OCEAN CITY, N.J., March 21 (UPI) -- Current declarations that elevated U.S. radiation levels are harmless are premature, says a researcher who studied radiation from the Chernobyl meltdown.
"Chernobyl fallout reached the U.S. atmosphere just nine days after the meltdown, and entered the American diet, Joseph Mangano, an epidemiologist and executive director of the Radiation and Public Health Project, a group of researchers who study radiation health risk, says in a statement. "Medical journal articles show American infants and children suffered from higher rates of infant deaths, leukemia, thyroid cancer, and under-active thyroid glands. Similar studies should be conducted in the U.S. to measure effects of radiation from Japan."
Citing Environmental Protection Agency measurements at 68 locations, Mangano says for six weeks in May-June 1986 following the Chernobyl meltdown, the average level of radioactive Iodine-131 in U.S. milk was nearly six times greater than normal.
Potassium-131, which damages thyroid cells, decays quickly -- with a half life eight days. In Boise, Idaho, and Spokane, Wash., its averages were 28 and 22 times above normal, as rainfall was greatest in the northwest.
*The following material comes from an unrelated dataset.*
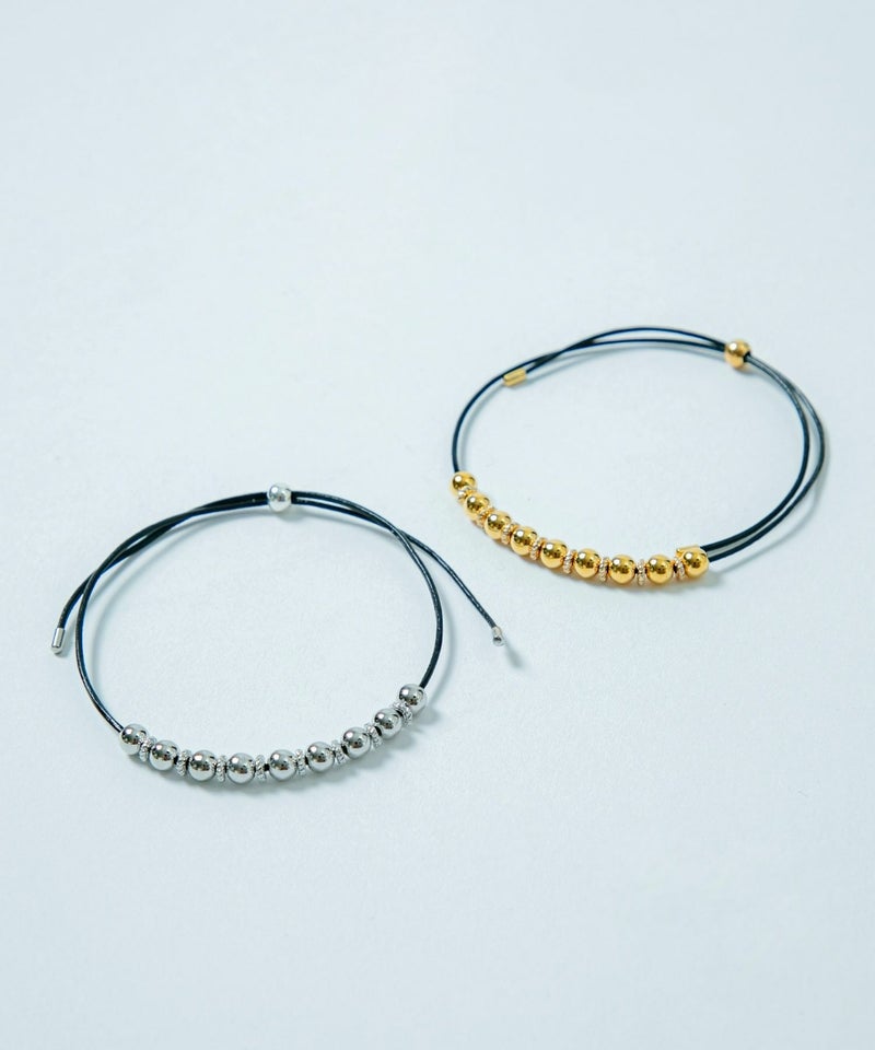 Metal beads chokerをそのままブレスレットのデザインにしたアイテム。 ミサンガ感覚で簡単に付けられ、重ね付けにもちょうど良い細さです。 同シリーズのネックレスはこちら

By July 1986, I-131 levels had returned to normal, Mangano says.
For the same six weeks in spring 1986, the average level of radioactive Cesium-137 in U.S. milk was nearly four times greater than normal, EPA data showed. Cs-137, which damages soft tissues, decays slowly -- half life 30 years -- and the average in Seattle and Spokane, Wash., was 15 and 11 times above normal and Cs-137 levels only returned to normal three years later.